Si l’exemplaire Royer, selon les usages établis entre la BN
et Grenoble, devrait faire l'objet d'une préemption par la BNF, il n’en va pas
de même des cahiers. Ceux-ci ne constituent pas en effet à eux seuls ce «
splendide Journal, l'un des derniers grands manuscrits littéraires français en
mains privées » qu’on annonce, pas plus qu'ils ne constitueraient un « ensemble
structuré ». Ces 335 feuillets, qui s’échelonnent de 1806 à 1814, ne sont que
des fragments du Journal autographe
de Stendhal, éparpillé parmi les 16000 feuillets du seul « ensemble structuré »

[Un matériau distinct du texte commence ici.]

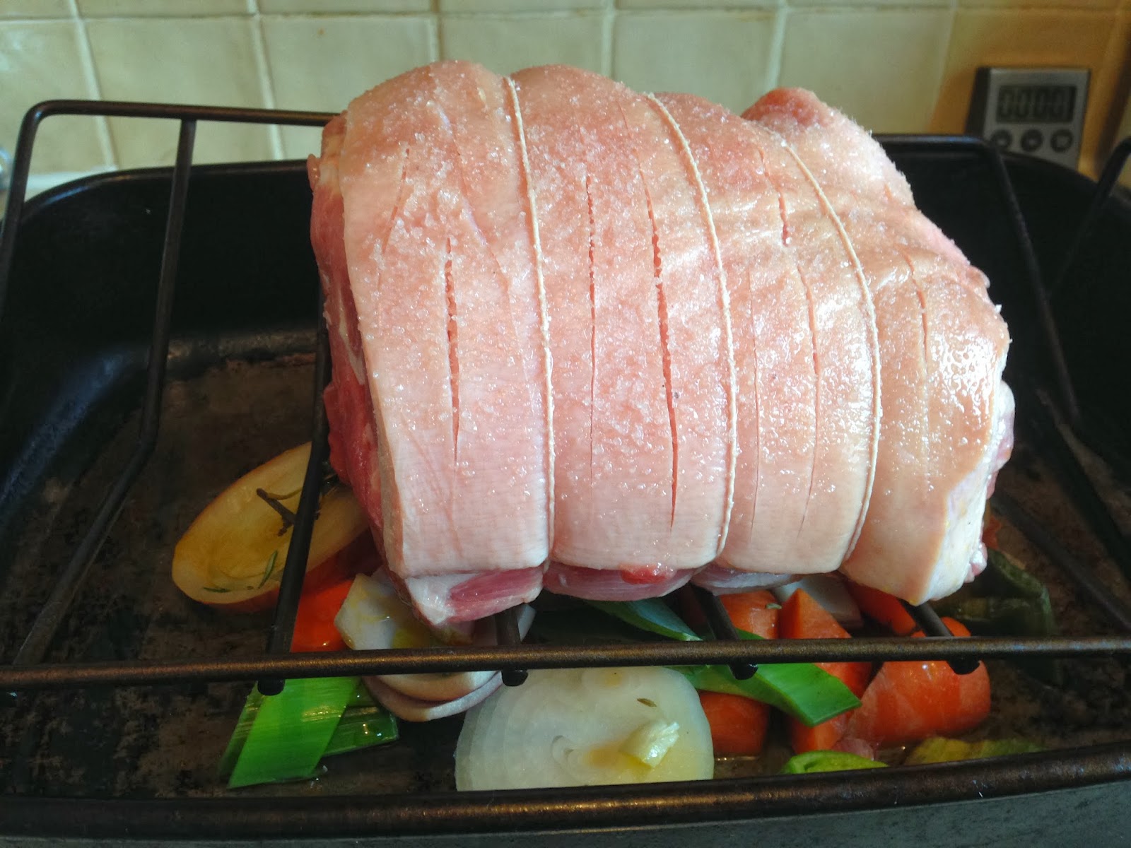 Score the pork skin with a Stanley knife and rub in sea salt keeping it dry. Before your Pork goes on, add a drizzle of rapeseed oil over the veg. Place the Pork joint on top as so…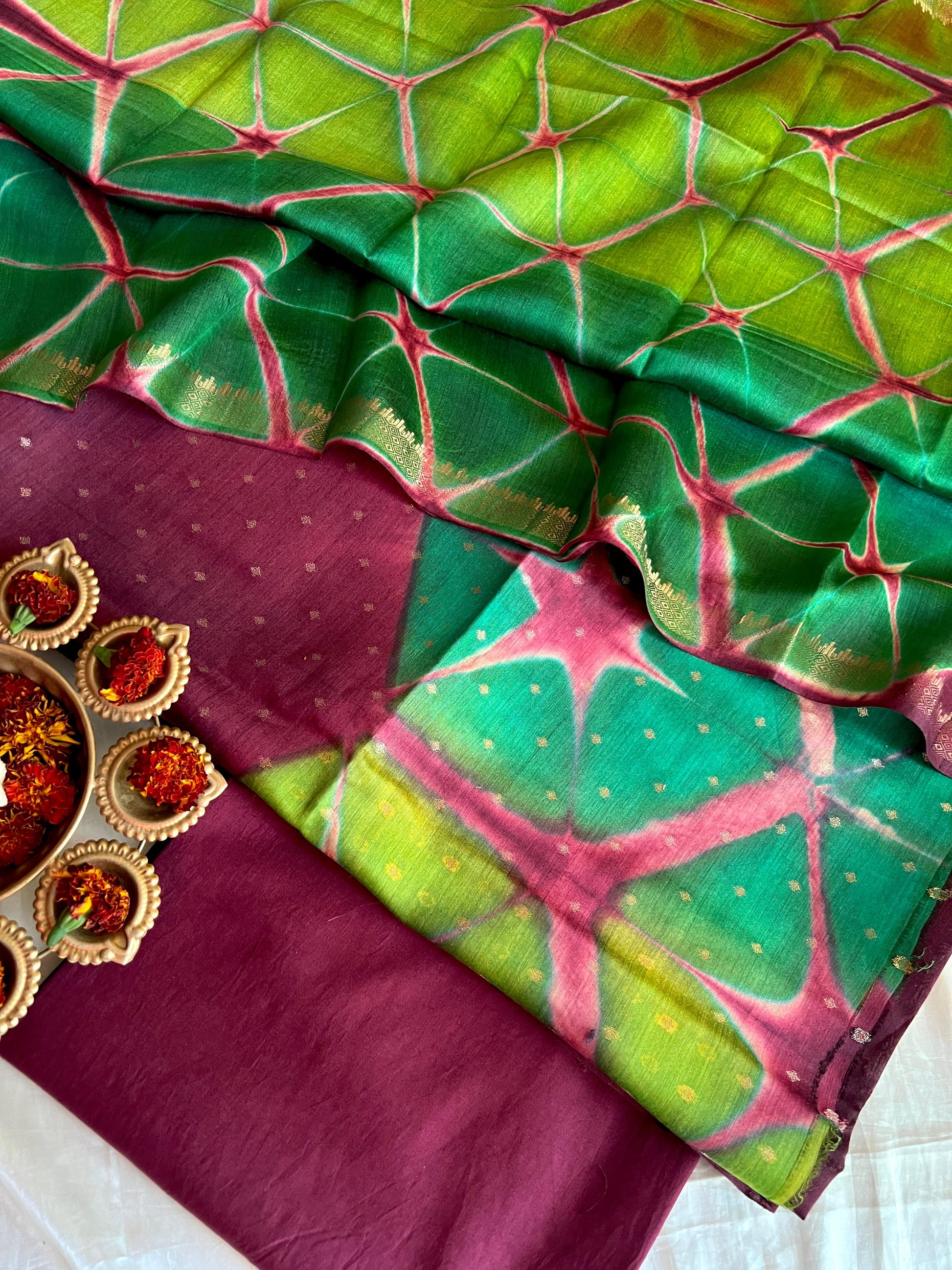 Kurta - Pure Munga Tussar Weave Zari Butti Clamp Dye Kurta (2.5Mtr)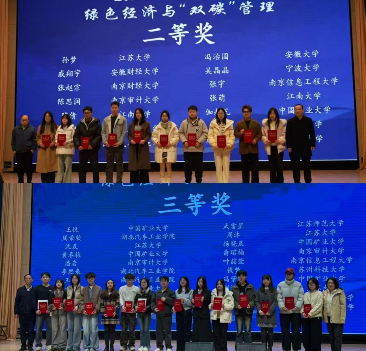 本网讯(文/赵启豪、董海燕)12月6日,由江苏省管理学类研究生教育指导委员会主办、南京信息工程大学研究生院与商学院承办的“2025年江苏省研究生学术创新论坛——绿色经济与‘双碳’管理学术会议”在南京顺利召开。汽车商学院物流工程与管理专业的赵启豪等多名研究生在本次高水平学术论坛中表现出色,其学术成果获得评审专家一致认可,最终荣获二等奖1项、三等奖2项,展现了我校学子扎实的学术素养与敏锐的时代洞察力。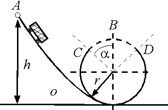 ВОD = α. Найти, с какой высоты h должна скатываться вагонетка без начальной скорости, чтобы она могла пройтц всю петлю, а также то значение угла α, при котором эта высота h наименьшая.

qui puisse être reconnu comme tel, le Recueil factice de ses papiers, avec ses
trente volumes des cotes R 5896 et R 302 de la Réserve, légués à Grenoble en
1861 par la veuve de L. Crozet, ami de Stendhal et maire de Grenoble, en même
temps que les grands manuscrits autographes de la Vie de Henry Brulard, Lucien
Leuwen, Vie de Napoléon, Souvenirs d'égotisme, Lamiel… La procédure en
usage en matière de préemption demande donc que la ville de Grenoble,
conservatrice du fonds, s’en porte acquéreur, avec l’aide du département et de
la région, pour obtenir l’intervention décisive de l’état.
Grenoble et les Grenoblois, malgré le prétendu contentieux
avec leur « concitoyen » n'ont cessé depuis l’autre siècle d'entretenir et
d'enrichir ce dépôt, continûment et systématiquement, sur les deniers de la
ville et quelquefois sans aide aucune.
Ainsi le « Fonds Crozet » s’est-il enrichi, et récemment
encore, de plusieurs milliers de feuillets, sans parler d'exemplaires annotés
de sa main de ses propres œuvres ou d'auteurs divers.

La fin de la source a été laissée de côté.